For JSON stdin/stdout command-mode mappers, see YT jobs library (ytjobs) (e.g. BatchMapper vs TypedJob pipelines).

Quick start#

1. Define your mapper and reducer#

Create stages/<stage>/src/jobs.py (or any file under src/):

from dataclasses import dataclass
from typing import Iterable
import yt.wrapper as yt
from yt_framework.typed_jobs import StageBootstrapTypedJob


@dataclass
class InputRow:
    key: str
    value: int


@dataclass
class IntermediateRow:
    key: str
    value: int


@dataclass
class OutputRow:
    key: str
    total: int


# Mapper: bare yt.TypedJob — all imports are module-level and cloudpickle-safe.
# yt_dataclass instances are serialized by cloudpickle together with the class.
class MyMapper(yt.TypedJob):
    def __call__(self, row: InputRow) -> Iterable[IntermediateRow]:
        yield IntermediateRow(key=row.key, value=row.value)

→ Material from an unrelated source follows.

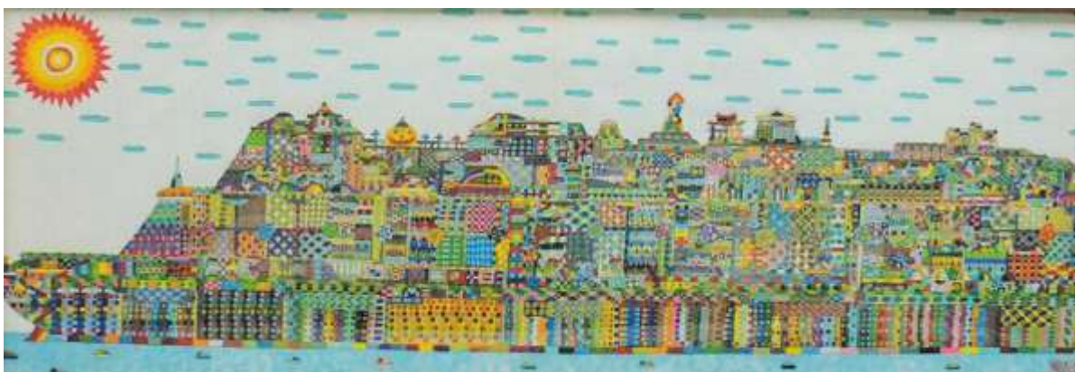
松本 寛庸「豪華客船太陽」

# Reducer: StageBootstrapTypedJob — imports heavy libs inside __call__ at
# runtime, after the sandbox extracts source.tar.gz and sets up sys.path.
class MyReducer(StageBootstrapTypedJob):
    def __call__(self, rows: yt.RowIterator[IntermediateRow]) -> Iterable[OutputRow]:
        key = None
        total = 0
        for row in rows:
            key = row.key
            total += row.value
        if key is not None:
            yield OutputRow(key=key, total=total)

2. Call from your stage#

from yt_framework.operations import run_map_reduce
from yt_framework.utils.sys_path import stage_src_path

class MyStage(BaseStage):
    def run(self, debug):
        with stage_src_path(self.stage_dir):
            from jobs import MyMapper, MyReducer

        run_map_reduce(
            context=self.context,
            operation_config=self.context.config.client.operations.map_reduce,
            map_job=MyMapper(),
            reduce_job=MyReducer(),
        )
        return debug

3. Stage config (config.yaml)#

client:
  operations:
    map_reduce:
      input_table: //tmp/my_pipeline/input
      output_table: //tmp/my_pipeline/output
      reduce_by: [key]
      max_row_weight: 128M  # optional override, default is 128M
      resources:
        pool: my_pool
        memory_limit_gb: 4
        cpu_limit: 2

StageBootstrapTypedJob automatically extracts source.tar.gz in the worker sandbox, adds the archive root and stages/<stage>/src to sys.path, and sets JOB_CONFIG_PATH — so MyReducer can import any code from src/ without extra setup.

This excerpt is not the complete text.